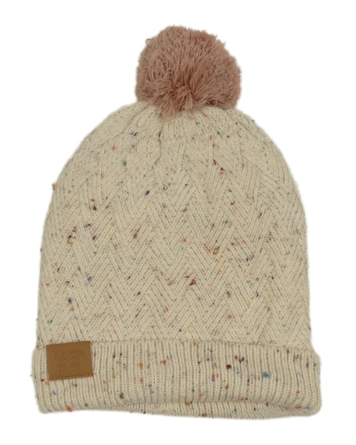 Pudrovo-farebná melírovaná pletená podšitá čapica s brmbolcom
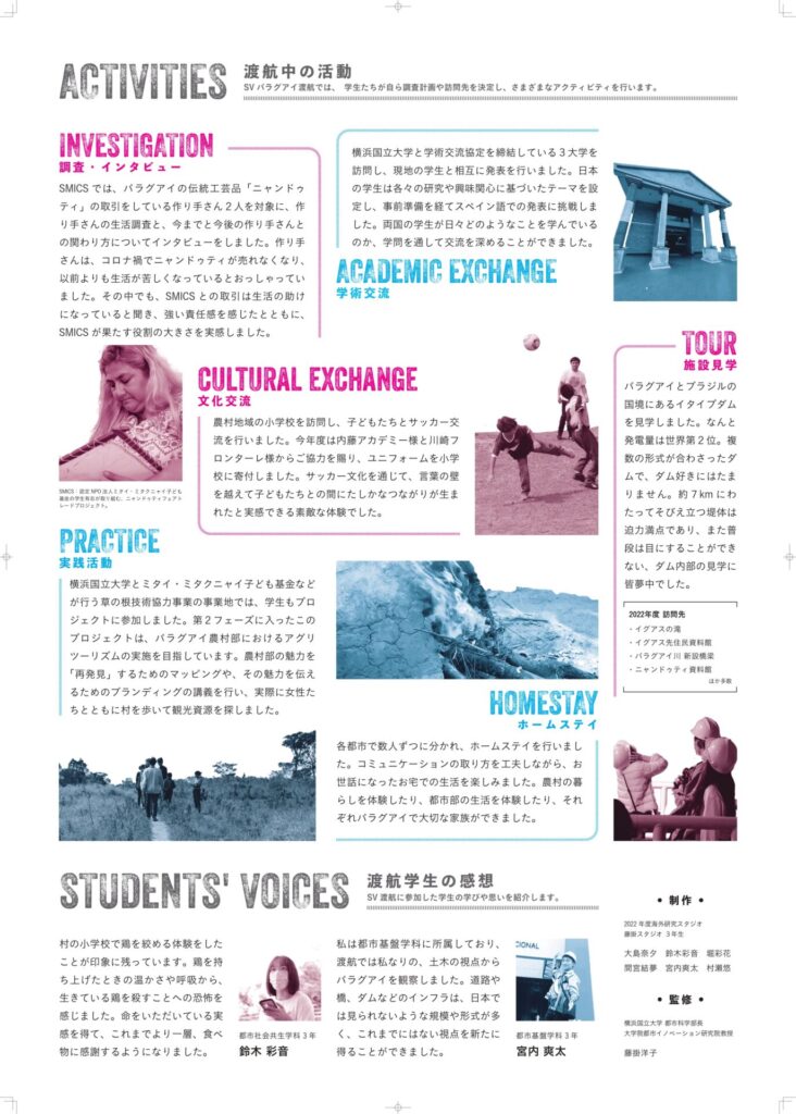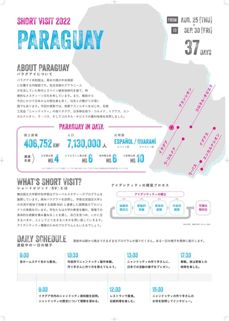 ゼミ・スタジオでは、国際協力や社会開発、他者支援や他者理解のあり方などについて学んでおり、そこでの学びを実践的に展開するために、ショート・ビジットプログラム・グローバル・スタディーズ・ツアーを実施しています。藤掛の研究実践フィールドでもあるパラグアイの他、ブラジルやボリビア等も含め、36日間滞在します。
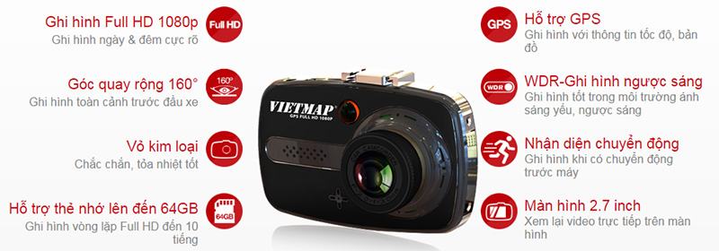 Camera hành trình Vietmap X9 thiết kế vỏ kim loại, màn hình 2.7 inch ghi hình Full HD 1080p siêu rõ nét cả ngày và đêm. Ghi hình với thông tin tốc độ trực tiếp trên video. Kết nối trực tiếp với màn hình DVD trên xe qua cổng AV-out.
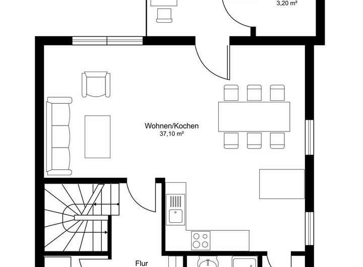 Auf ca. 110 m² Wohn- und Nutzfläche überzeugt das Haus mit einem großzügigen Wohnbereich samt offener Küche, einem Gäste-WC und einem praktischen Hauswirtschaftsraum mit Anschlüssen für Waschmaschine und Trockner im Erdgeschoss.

________________________________________

• ASSIGNMENT: Going from the line holding "Camera hành trình" to the last line of the data above, reproduce every line exactly, both included, with the pictures omitted.

• WORKED SOLUTION:
 Camera hành trình Vietmap X9 thiết kế vỏ kim loại, màn hình 2.7 inch ghi hình Full HD 1080p siêu rõ nét cả ngày và đêm. Ghi hình với thông tin tốc độ trực tiếp trên video. Kết nối trực tiếp với màn hình DVD trên xe qua cổng AV-out.
 Auf ca. 110 m² Wohn- und Nutzfläche überzeugt das Haus mit einem großzügigen Wohnbereich samt offener Küche, einem Gäste-WC und einem praktischen Hauswirtschaftsraum mit Anschlüssen für Waschmaschine und Trockner im Erdgeschoss.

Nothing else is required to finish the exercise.